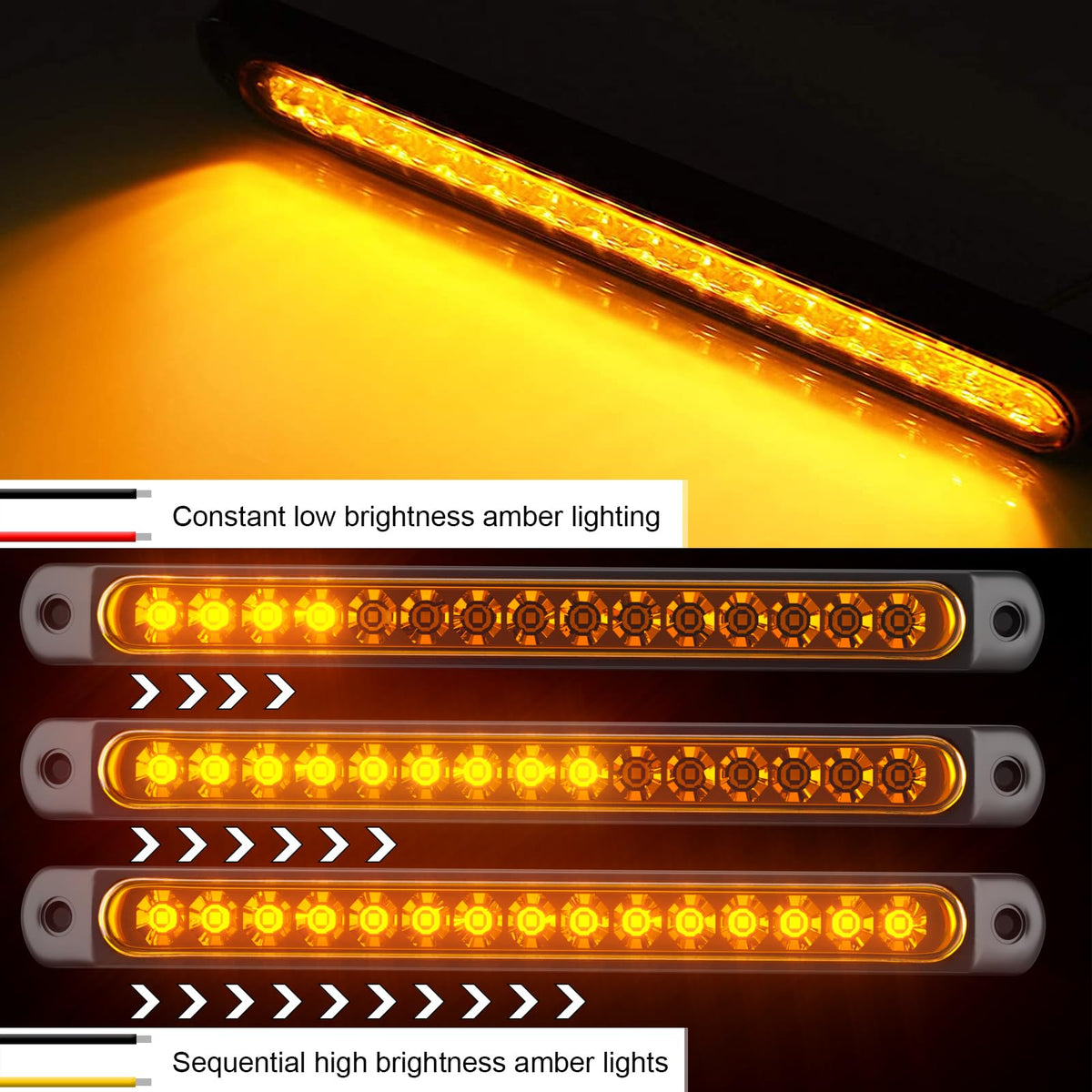 Pseqt 10'' 15 Led Trailer Turn Tail Light Bar - Amber Sequential Signal Marker Assembly With Identification Clearance Strip - Wa
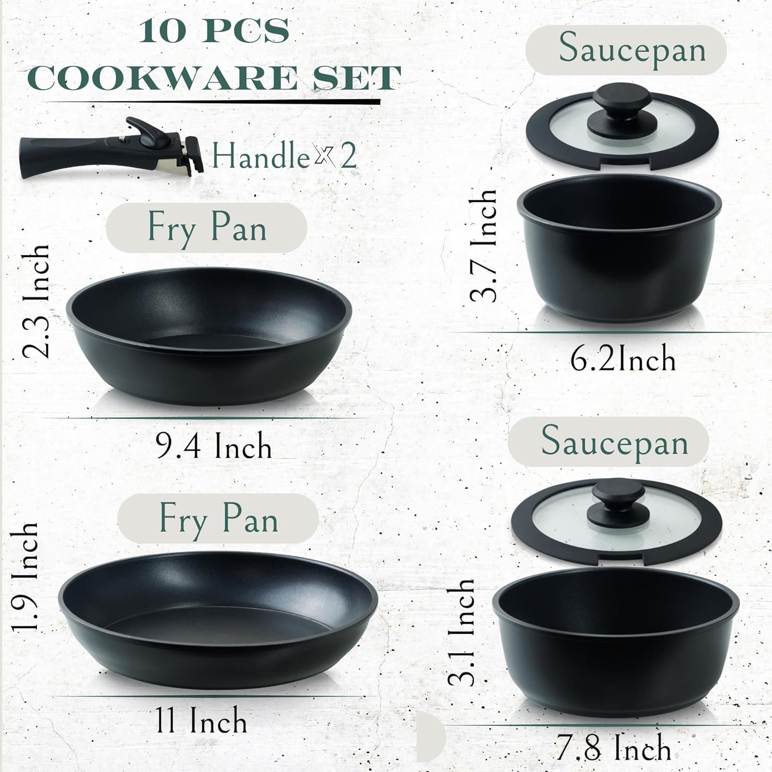 Kitchen Pots And Pans Set: The nonstick pots and pans set includes a saucepan 6.2″, a large pot 7.8″, fry pan 9.4″, a large fry pan 11″, 2 silicone rim’s glass lid, detachable handle x 2, 1 glove, and a silicone mat. It is precisely the kitchen cooking set you need for your day-to-day cooking and camping, as camper cookware or as cookware for travel trailers!
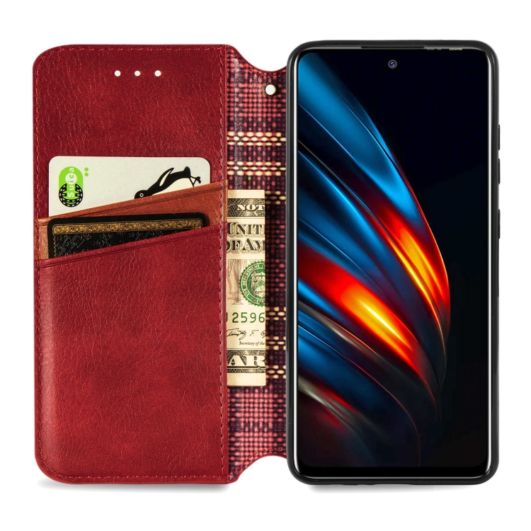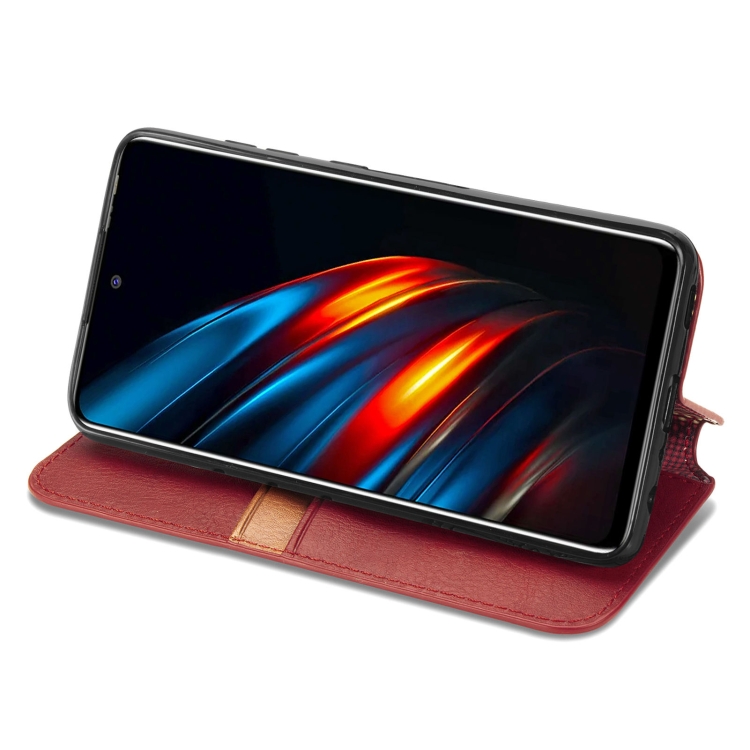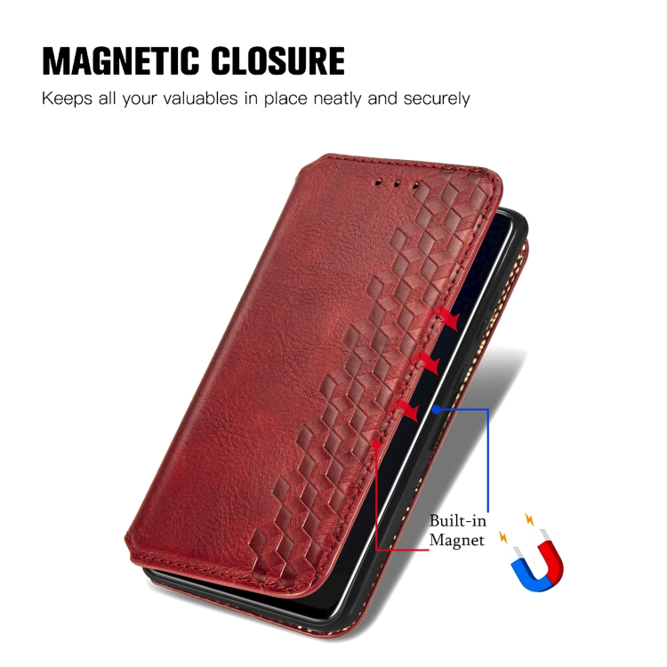 Funda de Cuero Magnética para Tecno Pova 2 con Rejilla Cúbica, Giro Horizontal, Soporte y Ranuras para Tarjetas (Rojo)
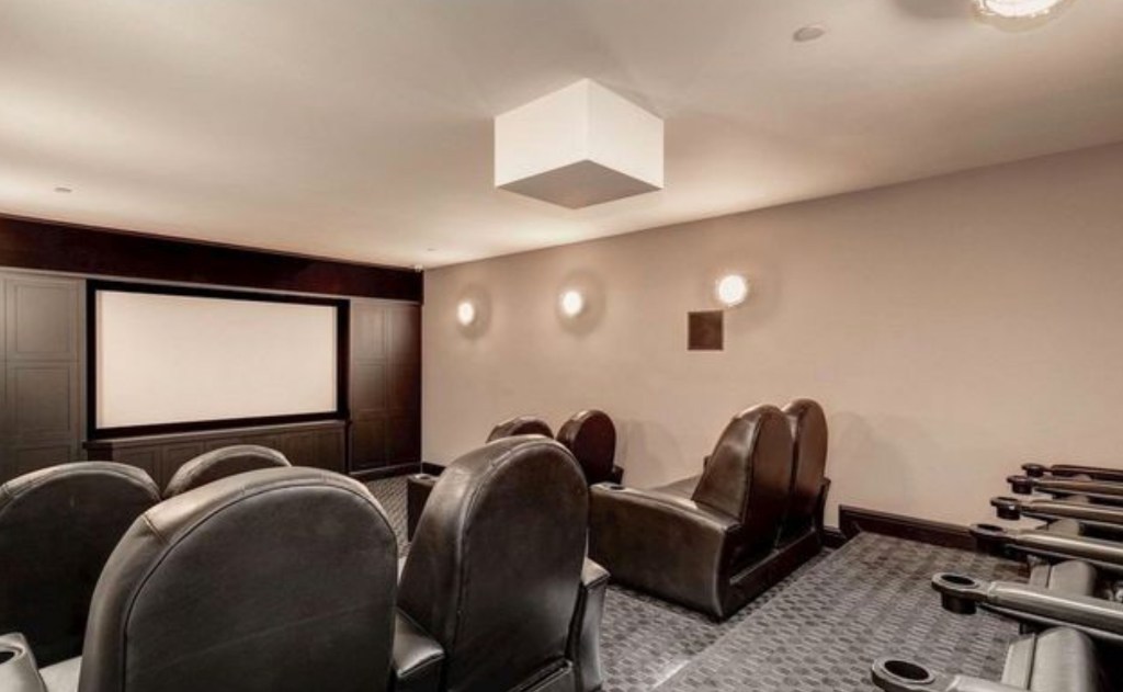 Downstairs, the mansion’s lower level features a fitness center, basketball court, home theater, wine cellar and tasting area, two guest bedrooms, and access to two garages. Access to all four levels is available by elevator or stairs.
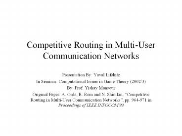 <Notice: Removed> Competitive Routing in Multi-User Communication Networks PowerPoint PPT Presentation
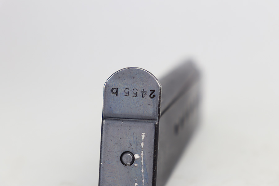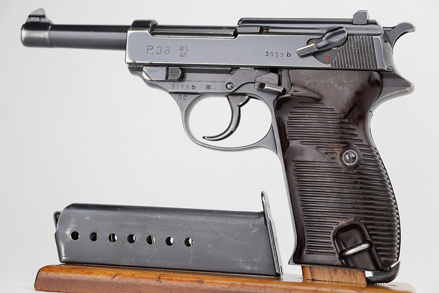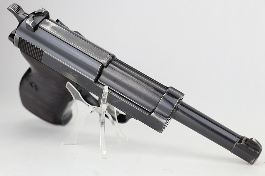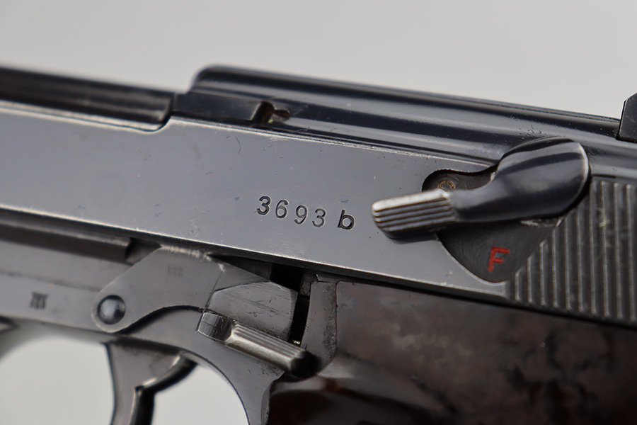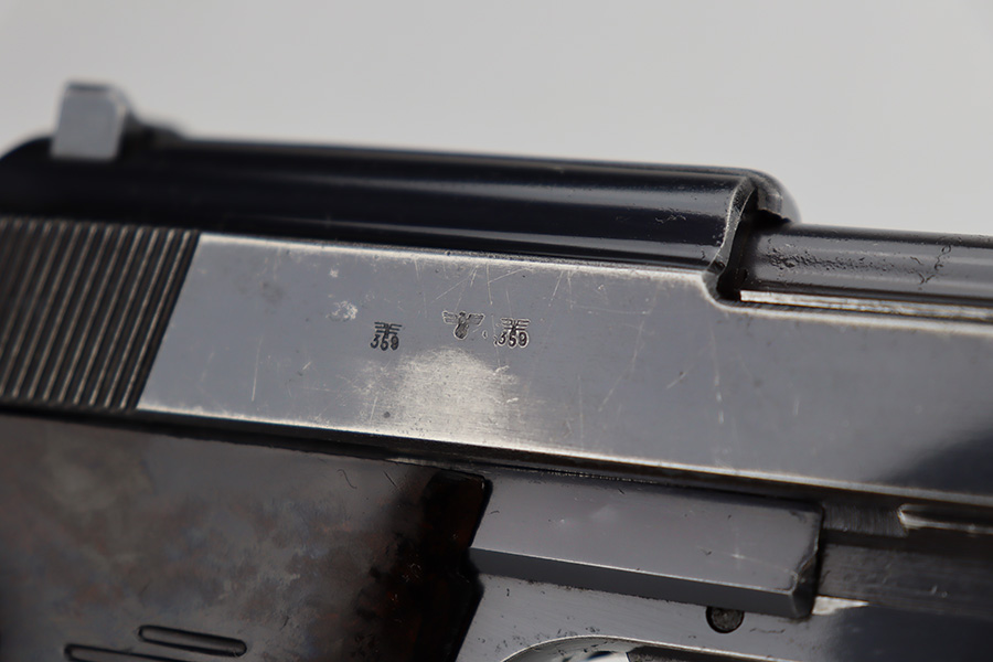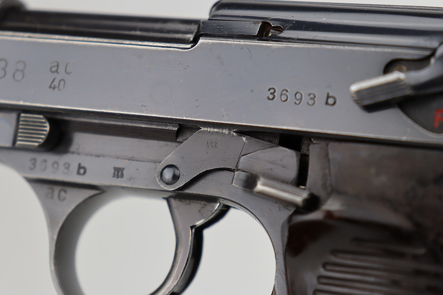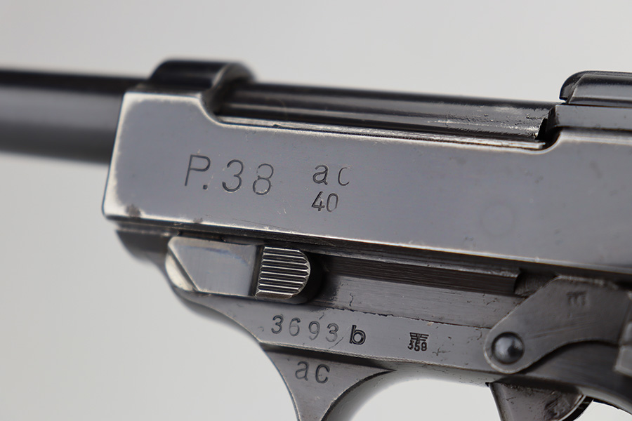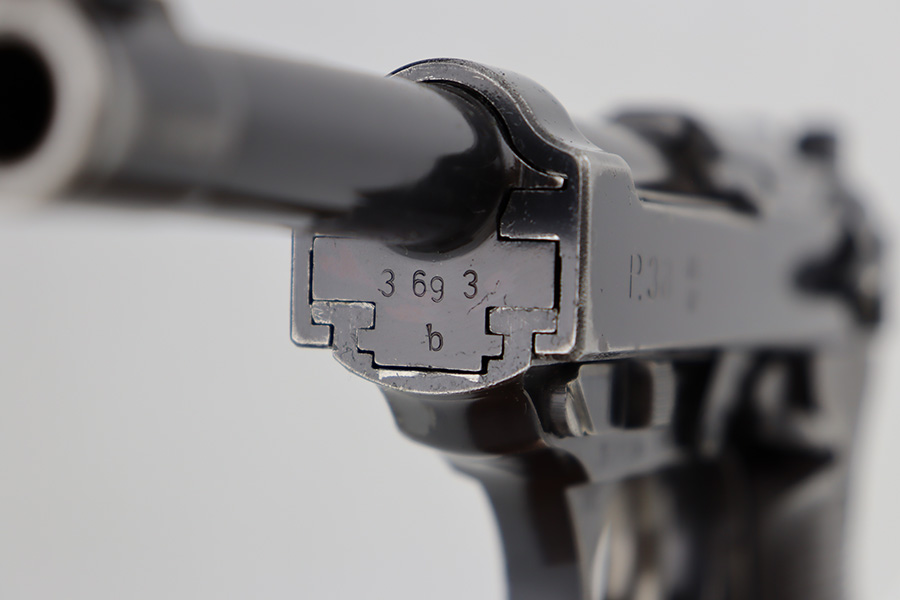6/12/23 – This is a nice example of an AC 40 Walther P.38 issued to the Nazi military in 1940. It is all matching with the proper “Eagle 359” military acceptance proofs throughout, even on the small parts. Fitted with excellent matching-numbered and waffen-proofed Walther grips. Comes with a period-correct numbered magazine in the same “b” serial block, but it is not matching to the gun. The gun itself has retained roughly 80% of its original high polish finish. The majority of the wear is on the front strap, but there is also wear around the muzzle and on the high edges of the slide in general. One small area of wear and light scratching on the right side of the slide. The bore has good rifling with minor pin-pricking throughout. De-cocker is functional.
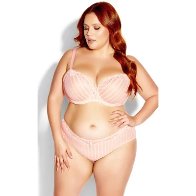 Feel and look completely irresistible in the pink Fifi Panty. Made with an elasticated waistband and 100% Cotton lined gusset, these panties are perfectly comfortable. Meanwhile, the lace trims and striped mesh overlay give it a fashionable finish. Bold and fiercely fashionable, no one does plus size fashion like City Chic. Loved around the globe for its diverse range of fashion-forward styles for any occasion. From show-stopping evening gowns to workwear and casualwear, City Chic will take your style to bold new heights. Available in sizes 14-32.
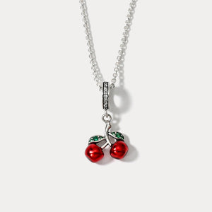The Silver Cherry Pendant Necklace captures the essence of playful elegance and charm. Crafted from fine silver, the pendant showcases two vibrant red cherries paired with lush green leaves, all accented with subtle sparkling details. A sweet and stylish accessory that adds a fresh pop of colour to any look.
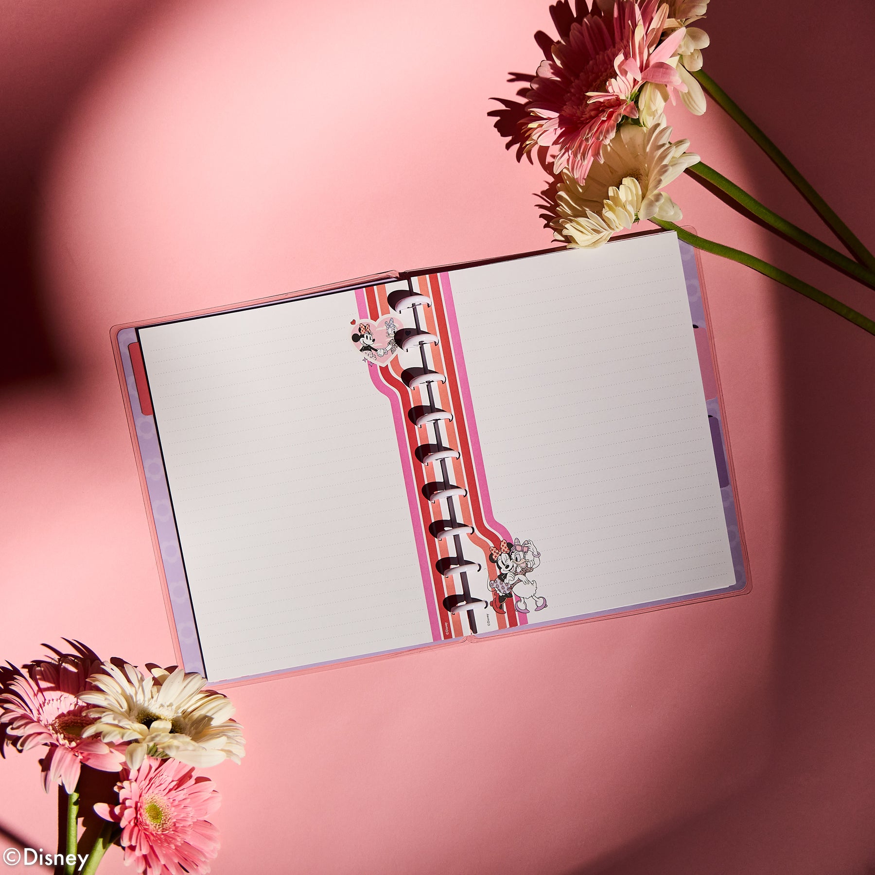 Get ready to plan, doodle, and dream in true Disney Minnie Mouse style! This Classic size dotted lined notebook features bold artwork of Minnie Mouse striking a pose in her signature polka dots and bow, set against a playful pink-and-red wavy backdrop. With 60 sheets and three vibrant dividers, it’s the perfect companion for jotting down big ideas or little to-dos.
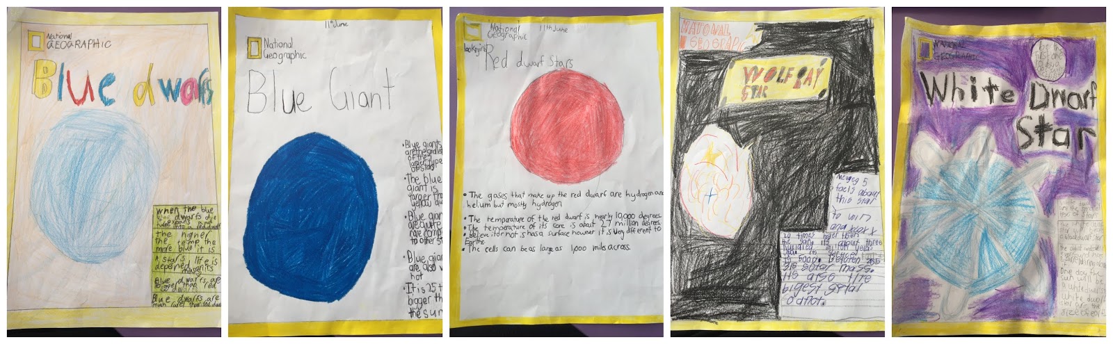 As part of our 'what's out there?' unit, we did some learning about different kinds of stars. To display this learning, we created our own National Geographic Magazine covers.
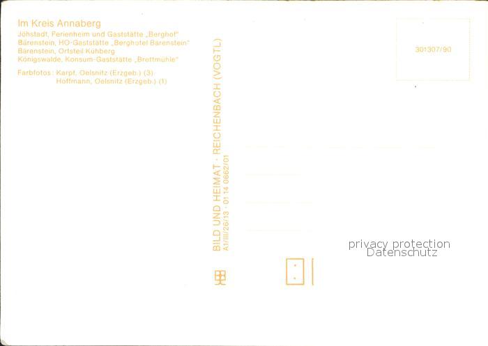 72325151 Baerenstein Annaberg-Buchholz HOG Berghotel Baerenstein Kuehberg Koenigswalde Konsum Gaststaette Brettmuehle Joehstadt Gaststaette Berghof postalisch nicht gelaufen Erhaltung siehe scans KatCode: 11110014171030
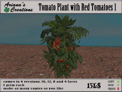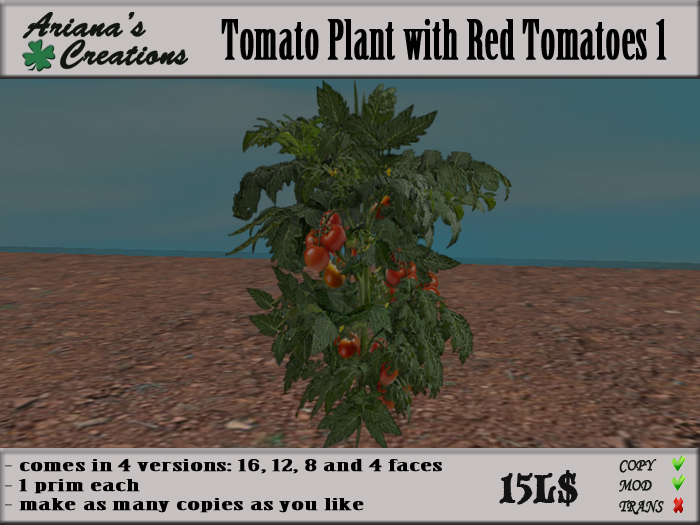 The texture set contains one tomato plant with red tomatoes in 4 variation: 4, 8, 12 and 16 sides prim plant.

※ ※ ※

__What is required__:
The answer is the listing above restated word for word, pictures removed.

__Expected answer__:
 Pseqt 10'' 15 Led Trailer Turn Tail Light Bar - Amber Sequential Signal Marker Assembly With Identification Clearance Strip - Wa
 Kitchen Pots And Pans Set: The nonstick pots and pans set includes a saucepan 6.2″, a large pot 7.8″, fry pan 9.4″, a large fry pan 11″, 2 silicone rim’s glass lid, detachable handle x 2, 1 glove, and a silicone mat. It is precisely the kitchen cooking set you need for your day-to-day cooking and camping, as camper cookware or as cookware for travel trailers!
 Funda de Cuero Magnética para Tecno Pova 2 con Rejilla Cúbica, Giro Horizontal, Soporte y Ranuras para Tarjetas (Rojo)
 Downstairs, the mansion’s lower level features a fitness center, basketball court, home theater, wine cellar and tasting area, two guest bedrooms, and access to two garages. Access to all four levels is available by elevator or stairs.
 <Notice: Removed> Competitive Routing in Multi-User Communication Networks PowerPoint PPT Presentation
6/12/23 – This is a nice example of an AC 40 Walther P.38 issued to the Nazi military in 1940. It is all matching with the proper “Eagle 359” military acceptance proofs throughout, even on the small parts. Fitted with excellent matching-numbered and waffen-proofed Walther grips. Comes with a period-correct numbered magazine in the same “b” serial block, but it is not matching to the gun. The gun itself has retained roughly 80% of its original high polish finish. The majority of the wear is on the front strap, but there is also wear around the muzzle and on the high edges of the slide in general. One small area of wear and light scratching on the right side of the slide. The bore has good rifling with minor pin-pricking throughout. De-cocker is functional.
 Feel and look completely irresistible in the pink Fifi Panty. Made with an elasticated waistband and 100% Cotton lined gusset, these panties are perfectly comfortable. Meanwhile, the lace trims and striped mesh overlay give it a fashionable finish. Bold and fiercely fashionable, no one does plus size fashion like City Chic. Loved around the globe for its diverse range of fashion-forward styles for any occasion. From show-stopping evening gowns to workwear and casualwear, City Chic will take your style to bold new heights. Available in sizes 14-32.
The Silver Cherry Pendant Necklace captures the essence of playful elegance and charm. Crafted from fine silver, the pendant showcases two vibrant red cherries paired with lush green leaves, all accented with subtle sparkling details. A sweet and stylish accessory that adds a fresh pop of colour to any look.
 Get ready to plan, doodle, and dream in true Disney Minnie Mouse style! This Classic size dotted lined notebook features bold artwork of Minnie Mouse striking a pose in her signature polka dots and bow, set against a playful pink-and-red wavy backdrop. With 60 sheets and three vibrant dividers, it’s the perfect companion for jotting down big ideas or little to-dos.
 As part of our 'what's out there?' unit, we did some learning about different kinds of stars. To display this learning, we created our own National Geographic Magazine covers.
 72325151 Baerenstein Annaberg-Buchholz HOG Berghotel Baerenstein Kuehberg Koenigswalde Konsum Gaststaette Brettmuehle Joehstadt Gaststaette Berghof postalisch nicht gelaufen Erhaltung siehe scans KatCode: 11110014171030
 The texture set contains one tomato plant with red tomatoes in 4 variation: 4, 8, 12 and 16 sides prim plant.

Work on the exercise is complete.